### Data provided
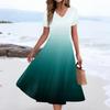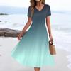 Women's Summer Casual Fashion Print Pocket Short Sleeve V-Neck Swing Dress
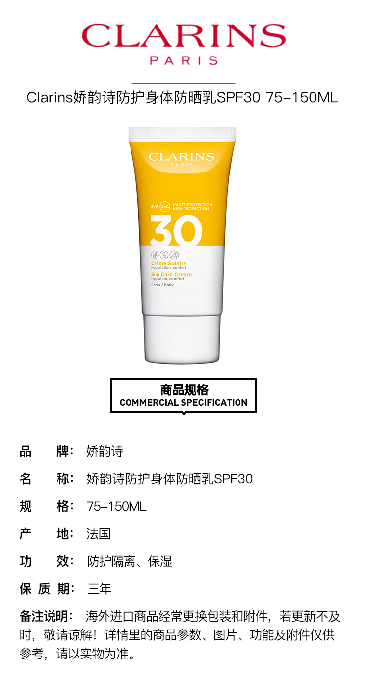 Clarins娇韵诗防护身体防晒乳75-150ML SPF30
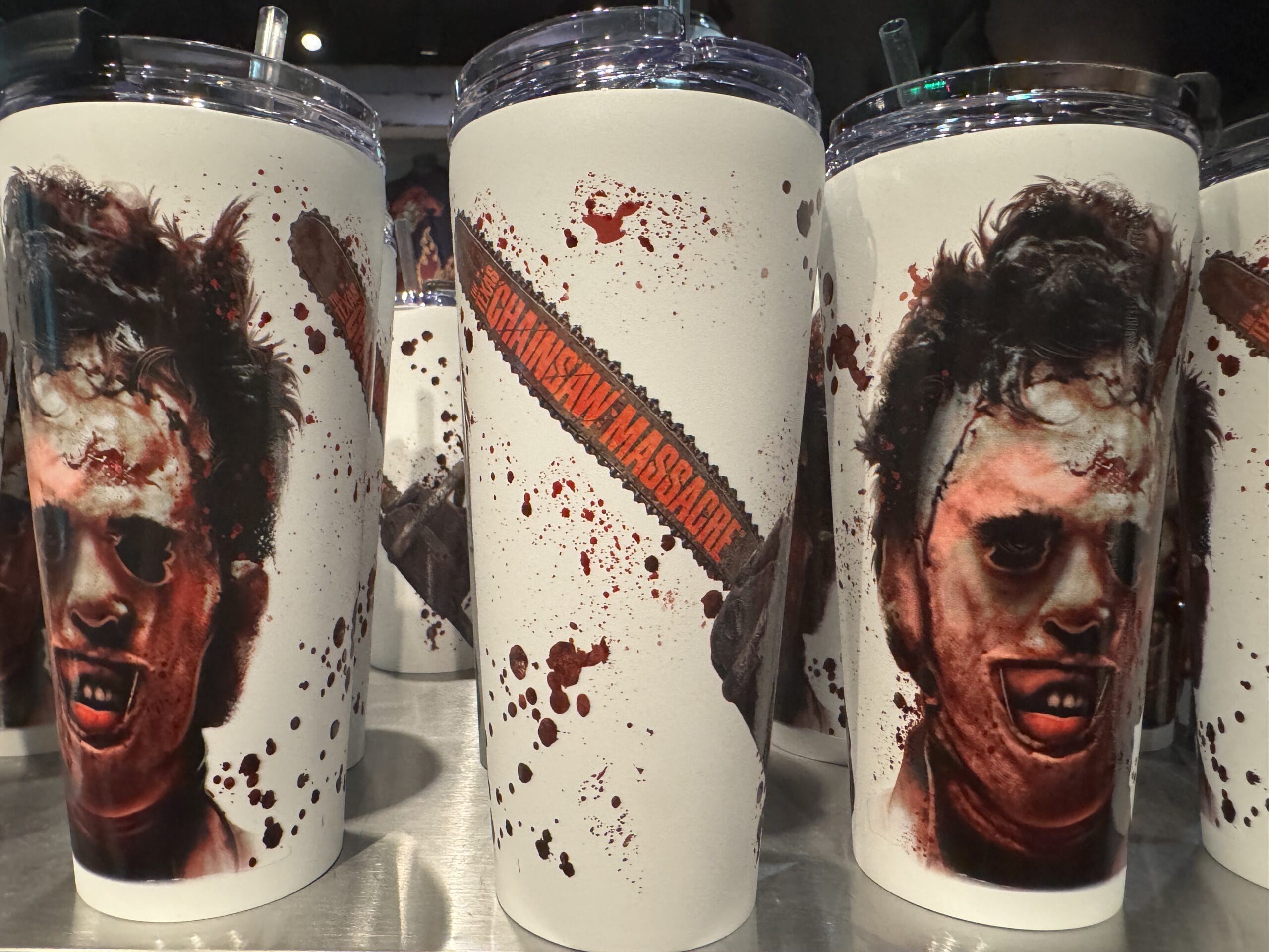Leatherface’s face is pictured in full color on one side of this white tumbler. A chainsaw with the film’s name in red is pictured on the reverse, surrounded by blood splatters. It has a clear lid with a straw.

### Work to be completed
Exactly as written, return every line of the listing, but not the pictures.

### Response to the exercise
 Women's Summer Casual Fashion Print Pocket Short Sleeve V-Neck Swing Dress
 Clarins娇韵诗防护身体防晒乳75-150ML SPF30
Leatherface’s face is pictured in full color on one side of this white tumbler. A chainsaw with the film’s name in red is pictured on the reverse, surrounded by blood splatters. It has a clear lid with a straw.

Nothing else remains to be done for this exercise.